What Running My Fashion Label Taught Me

Running a fashion brand inevitably teaches you to work differently, see differently, and adapt quickly. After three years with the Jasmin Khezri Collection, certain patterns, habits and unexpected lessons have shaped the way I design. Here is what the process has made clear.

 

1. I can’t sew, but my drawings help the cutters to understand the silhouettes I want to achieve..

Technical sewing isn’t my strength, but drawing is. My illustrations have become a practical tool, giving the cutters a precise understanding of proportion and line. It’s an efficient way of translating ideas into garments.

 

2. Accessories set the tone and often dictate the entire look.

A single accessory can shift a silhouette or spark a new direction. For me, they have become a starting point rather than an afterthought. They shape the energy of a collection more than people assume.

 

3. Matching doesn’t have to mean identical colours — it’s a system that speeds up mornings.

I match textures, moods and materials instead of relying on one shade. This approach keeps a look coherent without being uniform. It also makes getting dressed faster and more intuitive.

 

4. The kimono jackets have become the brand’s strongest signature.

Crafted from Pierre Frey fabrics and produced in limited quantities, these pieces now define the collection’s identity. They combine structure, print and versatility in a way that resonates with customers. They are, in many ways, the brand’s shorthand.

 

5. Mood boards remain part of my daily routine.

I create them constantly to refine direction and adjust tone. Each board adds a new layer, much like updating a familiar recipe. It’s a simple but effective way to stay visually aligned.

 

6. Illustration work has shaped how I understand fashion.

Thirty years of drawing have trained my eye to read proportion, texture and balance quickly. That experience carries directly into how I cut, style and develop new pieces. It’s a foundation I rely on daily.

 

7. I enjoy creating handcrafted giveaways for the brand.

These small items add a personal note to the collection’s universe. They serve as tactile reminders of the brand’s values and craft-oriented approach. They also make our events and deliveries more memorable.

 

8. My vintage archive informs how I build colour stories.

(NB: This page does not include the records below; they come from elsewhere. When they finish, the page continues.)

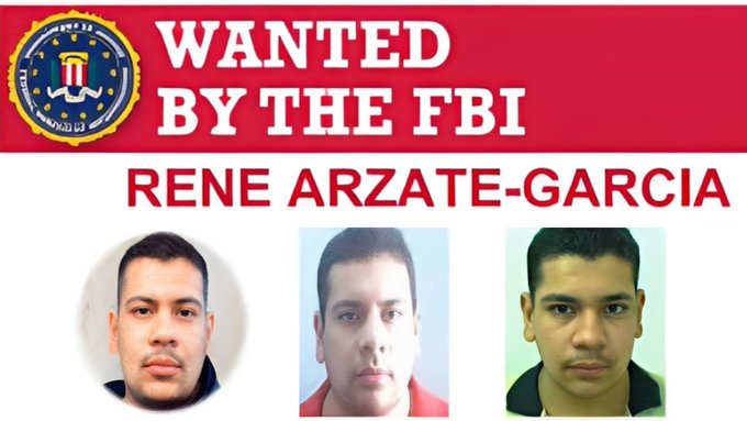 El FBI indicó que René Arzate García podría encontrarse en territorio mexicano. Es considerado un objetivo prioritario por su presunta participación en el envío de drogas y por los cargos relacionados con narcoterrorismo.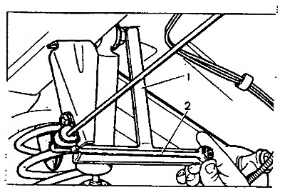 Рис. 6-7. Установка приспособления 67.7820.9519 для регулировки положения регулятора давления задних тормозов: 1 - приспособление 67.7820.9519; 2 - рычаг привода регулятора давления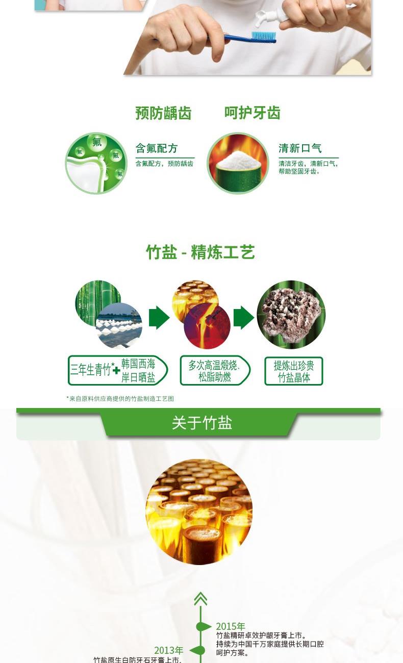 •精炼的护齿精华——竹盐成分,呵护牙龈、洁白牙齿、清洁口腔、清新口气、减轻牙渍; •具有护理牙齿和牙龈的良好作用,给口腔带来多方位的健康呵护; 固齿源牙膏:•特有含氟配方在牙齿表面形成坚固保护膜,预防锯齿; •天然竹盐成分含有丰富的矿物质,有助于温和呵护牙齿和牙龈;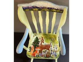 From purple mountains majesty to the creatures in the forest, this children's rocking chair, hand-painted by Barb Midyett, will be a sweet addition to their nursery.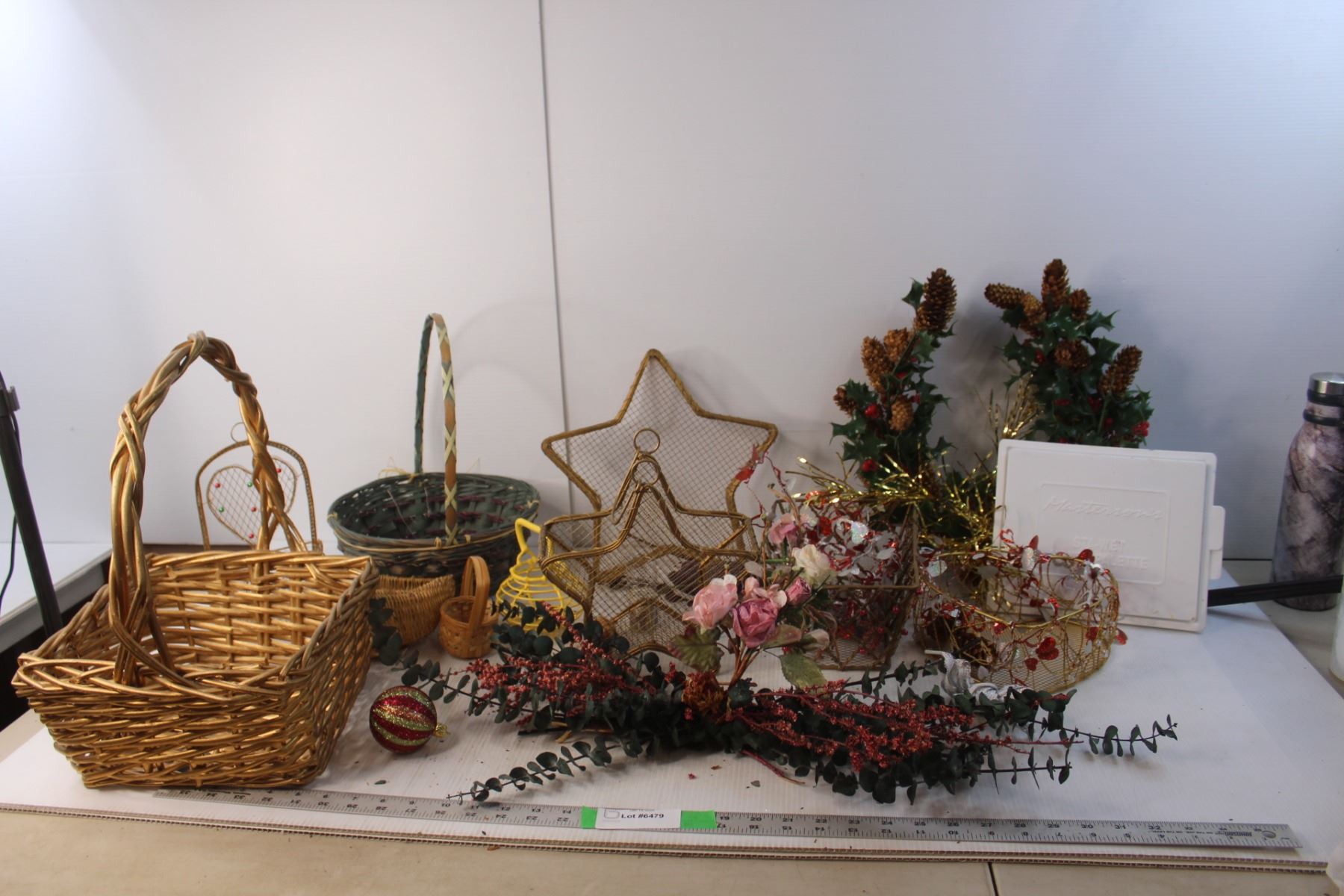 (2) Baskets, Wreath, Christmas Ornaments, Misc.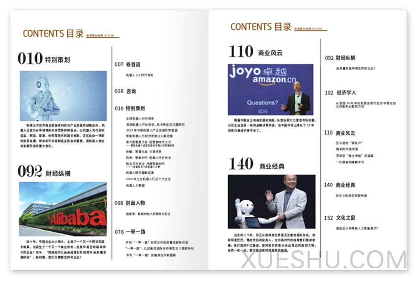 《全球商业经典》杂志分为天下、封面、世间、经典、人文、趋势、生活等七大版块,天下汇聚全球资讯与精英观点,封面提供战略与趋势的深度报道,世间通过审视个人命运折射大历史,经典则是对商业模式与典型案例的全景剖析,人文追寻商业原点的价值基因,趋势描画技术与商业的未来,生活倡导美及与优雅有关的一切。

I reference it frequently for unexpected combinations and textures. The archive acts as a visual library that keeps the palette grounded yet distinctive. It’s practical, not nostalgic.

 

9. My daughter Greta has influenced the brand from the start.

She brings a clear, instinctive sense of detail to many pieces. Her input often sharpens the final design. It’s an intergenerational collaboration that has become part of the process.

 

10. Travelling reveals how the clothes function beyond the studio.

Wearing pieces in different climates and contexts highlights what works — and what doesn’t. This global testing ground shapes future adjustments. It’s fieldwork in real time.

 

11. Working on magazines keeps my perspective broad.

Editorial assignments expose me to ideas outside fashion and prevent the tunnel vision that can come with designing. This balance strengthens both sides of my work. It keeps the brand connected to culture, not just clothing.